**TASK DETAILS**
Take the line containing "shower, clawfoot tub, and" and every line after it to the end of the records, and copy them exactly, excluding pictures.

**SOURCE DATA**
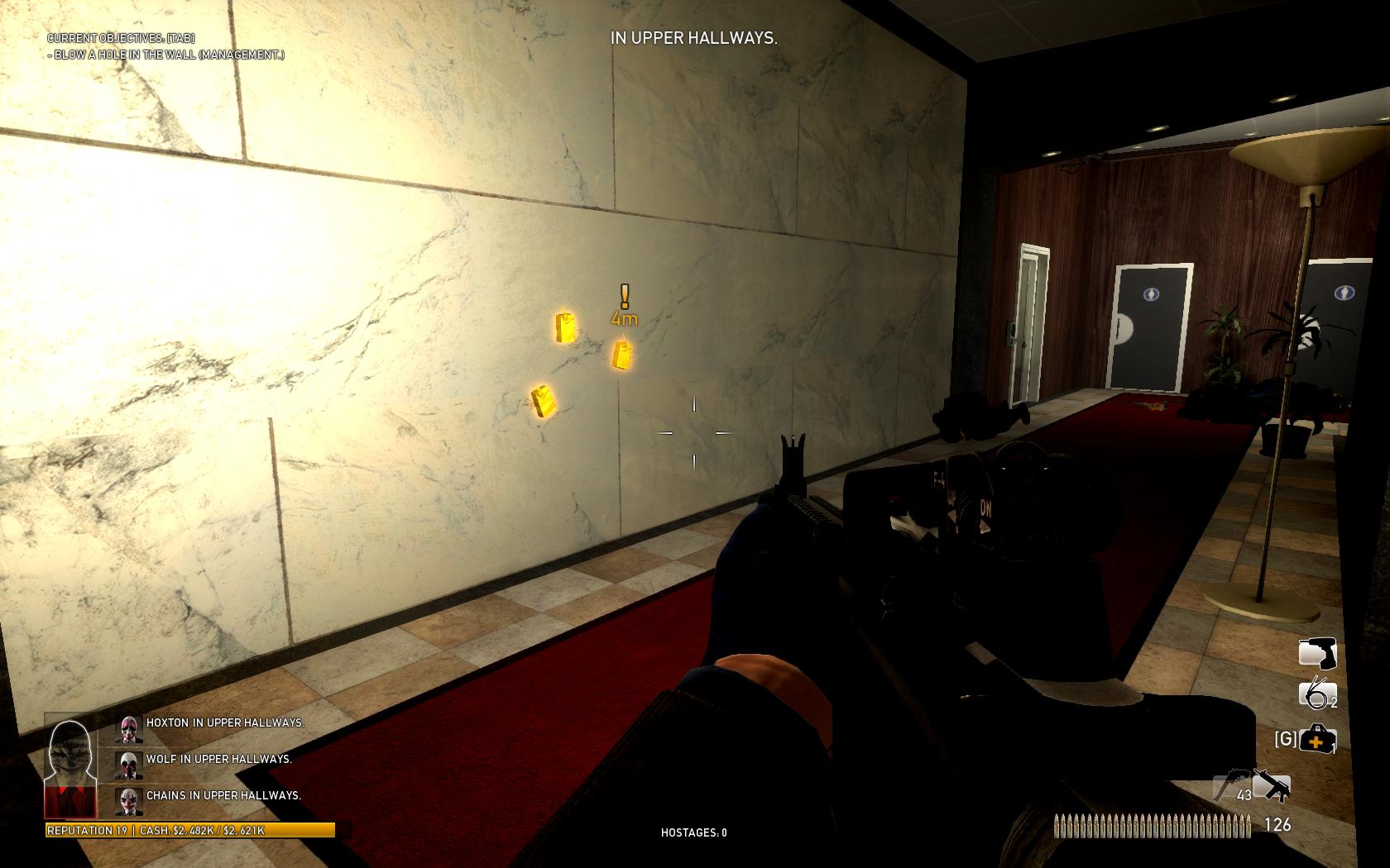 Near the beginning of the heist, run outside, place a trip mine on the center of the middle window of either the cafeteria or the drill area, and deactivate the mine before running back inside. Wait for the blue SWAT to plant C4 on the window with the mine; he can be easily recognized by his movement behavior. Unlike other law enforcers, who run past the windows to reach the lobby, he will hug the exterior wall and approach the center window of either wing. As soon as he is in front of your mine, activate it. Trip mines can be activated through the glass as long as your crosshair over them and you are close enough.
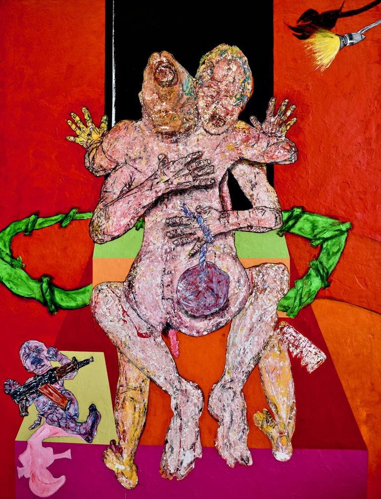 This work is the left piece of Triptych "Birth of Burden", a ceremony staged, two figures embrace, in agony a baby is born, ripped out by placenta, armed, to become soldier. A female figure brace, on all fours above a grave, against a downward pulling force, with male figure wrapped around her with ...
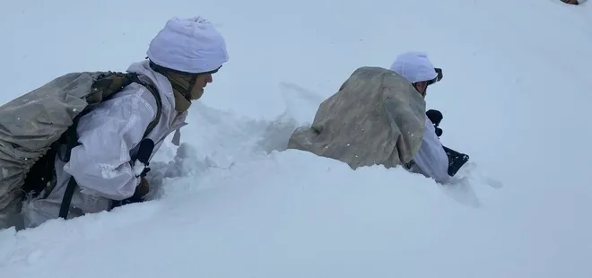Türk askeri Hakkari'nin yüksek ve karlı dağlarında dondurucu soğuklara rağmen görevine devam ediyor. Milli Savunma Bakanlı tarafından yapılan paylaşımda "Asil milletimizin emrinde, görevimizin başındayız..." ifadelerine yer verildi.
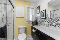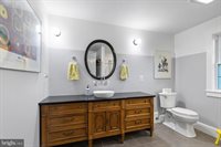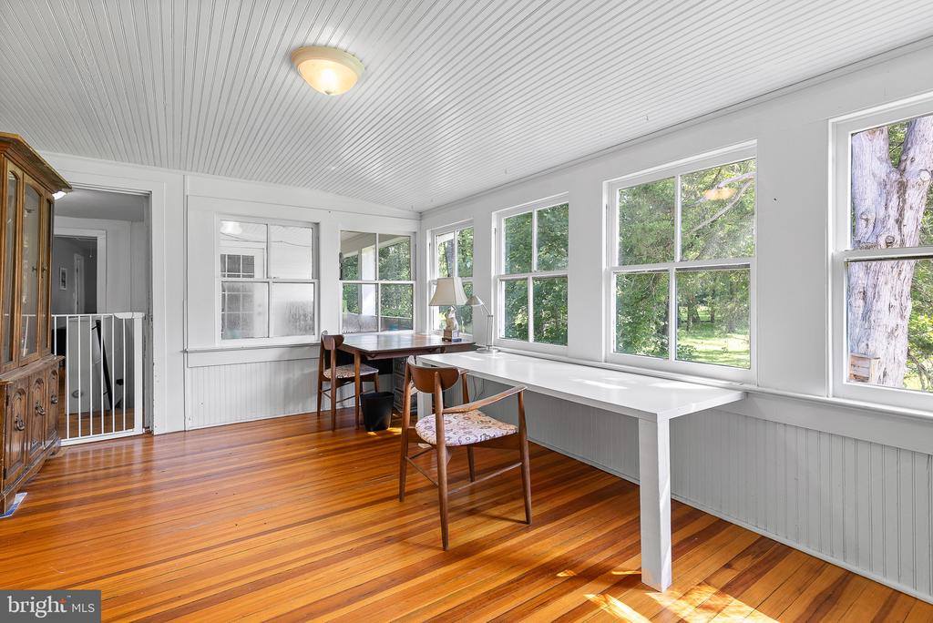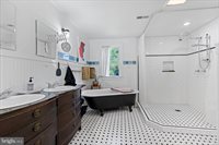 shower, clawfoot tub, and double vanity. Two additional bedrooms share a thoughtfully designed hall bath with a separate shower room, and there's also convenient bedroom-level laundry. A light-filled sleeping porch—perfect as a home office, craft/art room
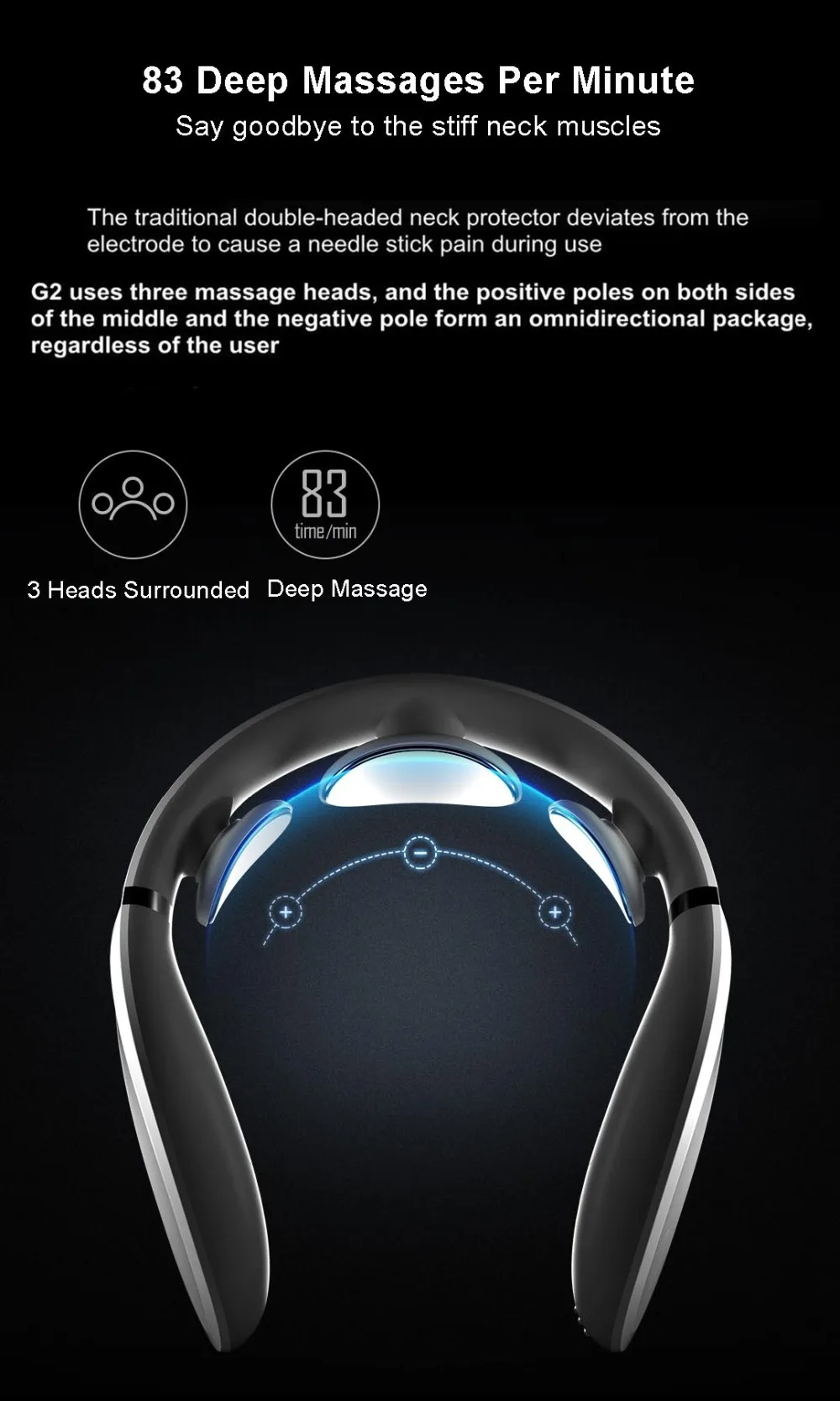 -83 глубоких массажа в минуту, 3 обертывания вокруг, глубокий массаж шеи для большего количества областей.

**OUTPUT FOR THIS TASK**
 shower, clawfoot tub, and double vanity. Two additional bedrooms share a thoughtfully designed hall bath with a separate shower room, and there's also convenient bedroom-level laundry. A light-filled sleeping porch—perfect as a home office, craft/art room
 -83 глубоких массажа в минуту, 3 обертывания вокруг, глубокий массаж шеи для большего количества областей.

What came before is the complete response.